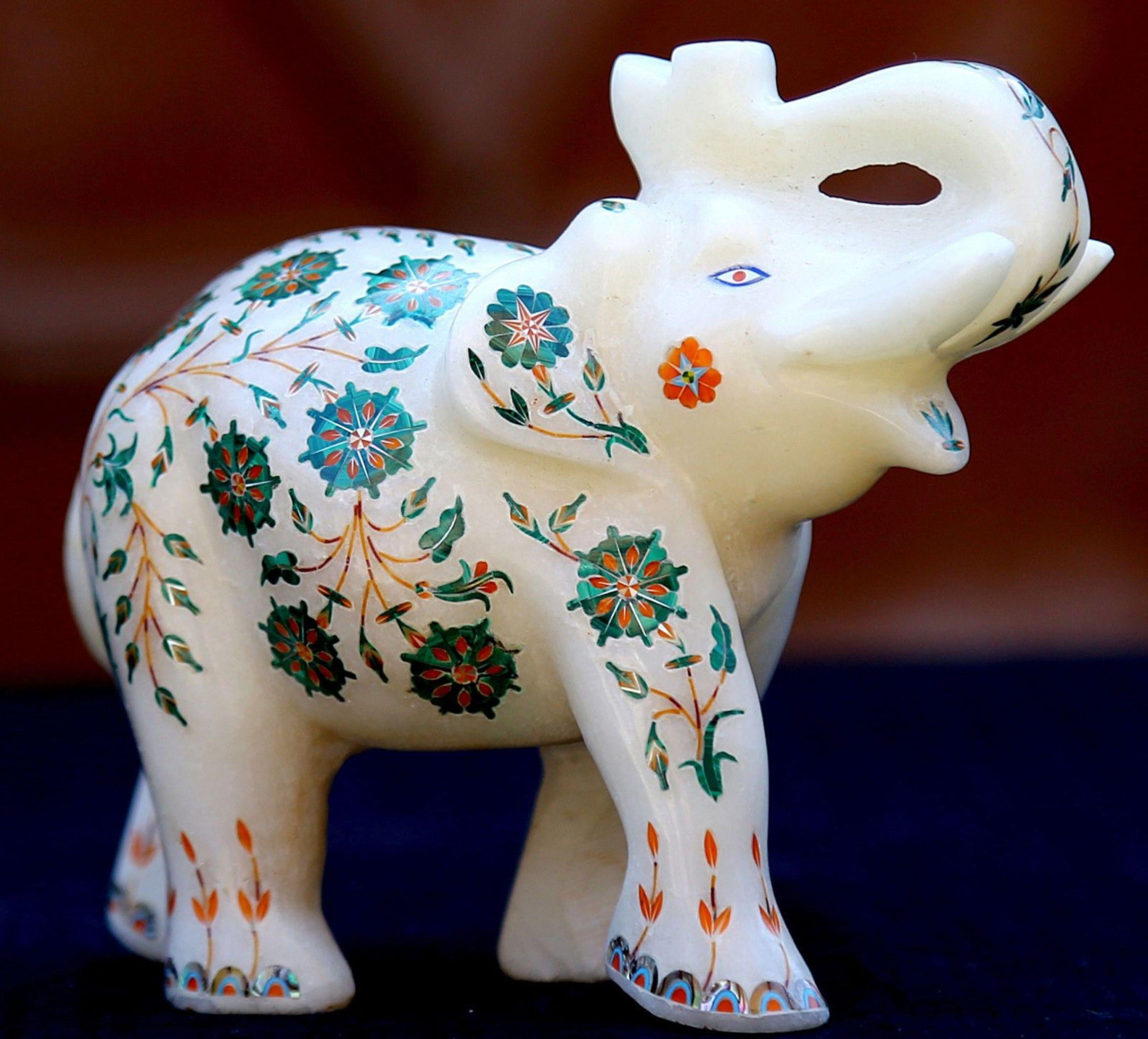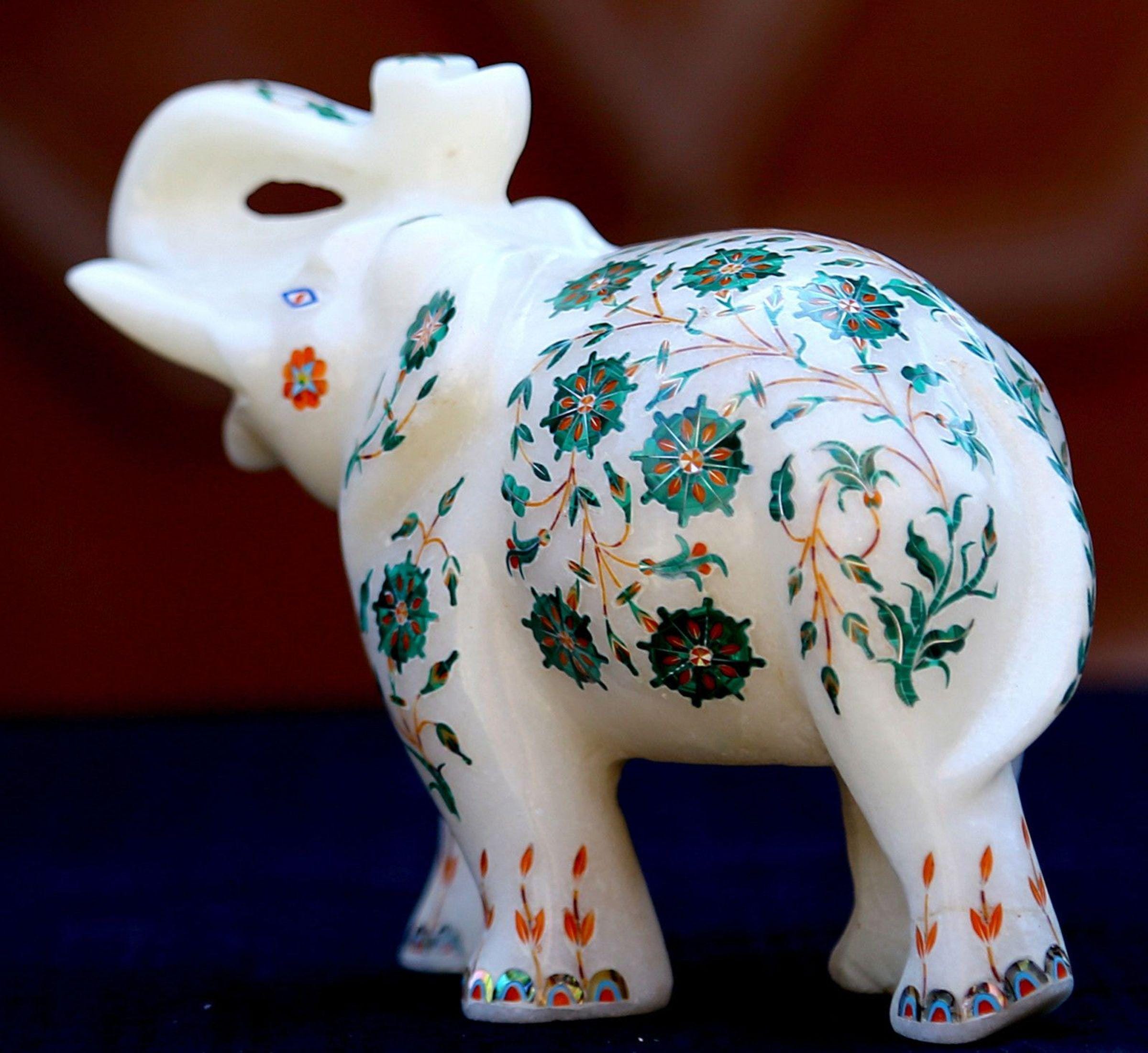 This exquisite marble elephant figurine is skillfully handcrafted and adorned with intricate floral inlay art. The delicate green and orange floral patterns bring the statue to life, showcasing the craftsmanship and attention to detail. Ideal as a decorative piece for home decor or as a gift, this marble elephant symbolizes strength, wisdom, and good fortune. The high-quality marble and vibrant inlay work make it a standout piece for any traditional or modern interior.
* * *
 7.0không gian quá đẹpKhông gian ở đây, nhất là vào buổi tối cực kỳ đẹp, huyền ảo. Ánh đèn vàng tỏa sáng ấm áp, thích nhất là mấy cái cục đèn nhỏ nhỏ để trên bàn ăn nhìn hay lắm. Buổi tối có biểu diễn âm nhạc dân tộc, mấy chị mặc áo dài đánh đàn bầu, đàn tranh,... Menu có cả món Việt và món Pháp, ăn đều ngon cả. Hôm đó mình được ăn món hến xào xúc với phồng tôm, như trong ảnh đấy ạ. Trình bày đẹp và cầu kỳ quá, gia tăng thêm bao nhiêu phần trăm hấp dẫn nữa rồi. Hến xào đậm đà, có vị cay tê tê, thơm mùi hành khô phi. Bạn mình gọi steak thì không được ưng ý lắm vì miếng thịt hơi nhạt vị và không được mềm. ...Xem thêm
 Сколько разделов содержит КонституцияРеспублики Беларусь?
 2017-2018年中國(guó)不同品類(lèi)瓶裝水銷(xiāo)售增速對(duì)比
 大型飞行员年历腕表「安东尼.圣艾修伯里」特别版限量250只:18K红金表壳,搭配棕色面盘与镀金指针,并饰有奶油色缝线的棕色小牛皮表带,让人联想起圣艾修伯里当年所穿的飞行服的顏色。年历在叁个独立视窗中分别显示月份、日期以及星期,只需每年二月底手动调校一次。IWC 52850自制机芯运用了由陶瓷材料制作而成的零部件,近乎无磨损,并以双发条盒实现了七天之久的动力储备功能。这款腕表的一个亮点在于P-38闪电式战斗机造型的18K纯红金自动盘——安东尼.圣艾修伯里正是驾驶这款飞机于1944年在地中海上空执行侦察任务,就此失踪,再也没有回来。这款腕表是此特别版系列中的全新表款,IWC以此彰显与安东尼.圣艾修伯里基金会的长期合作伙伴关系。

__Exercise objective__.
The expected answer is an exact copy of the lines above, beginning at the line with "7.0không gian quá" and ending at the line with "2017-2018年中國(g", with both ends in.

__Result below__.
 7.0không gian quá đẹpKhông gian ở đây, nhất là vào buổi tối cực kỳ đẹp, huyền ảo. Ánh đèn vàng tỏa sáng ấm áp, thích nhất là mấy cái cục đèn nhỏ nhỏ để trên bàn ăn nhìn hay lắm. Buổi tối có biểu diễn âm nhạc dân tộc, mấy chị mặc áo dài đánh đàn bầu, đàn tranh,... Menu có cả món Việt và món Pháp, ăn đều ngon cả. Hôm đó mình được ăn món hến xào xúc với phồng tôm, như trong ảnh đấy ạ. Trình bày đẹp và cầu kỳ quá, gia tăng thêm bao nhiêu phần trăm hấp dẫn nữa rồi. Hến xào đậm đà, có vị cay tê tê, thơm mùi hành khô phi. Bạn mình gọi steak thì không được ưng ý lắm vì miếng thịt hơi nhạt vị và không được mềm. ...Xem thêm
 Сколько разделов содержит КонституцияРеспублики Беларусь?
 2017-2018年中國(guó)不同品類(lèi)瓶裝水銷(xiāo)售增速對(duì)比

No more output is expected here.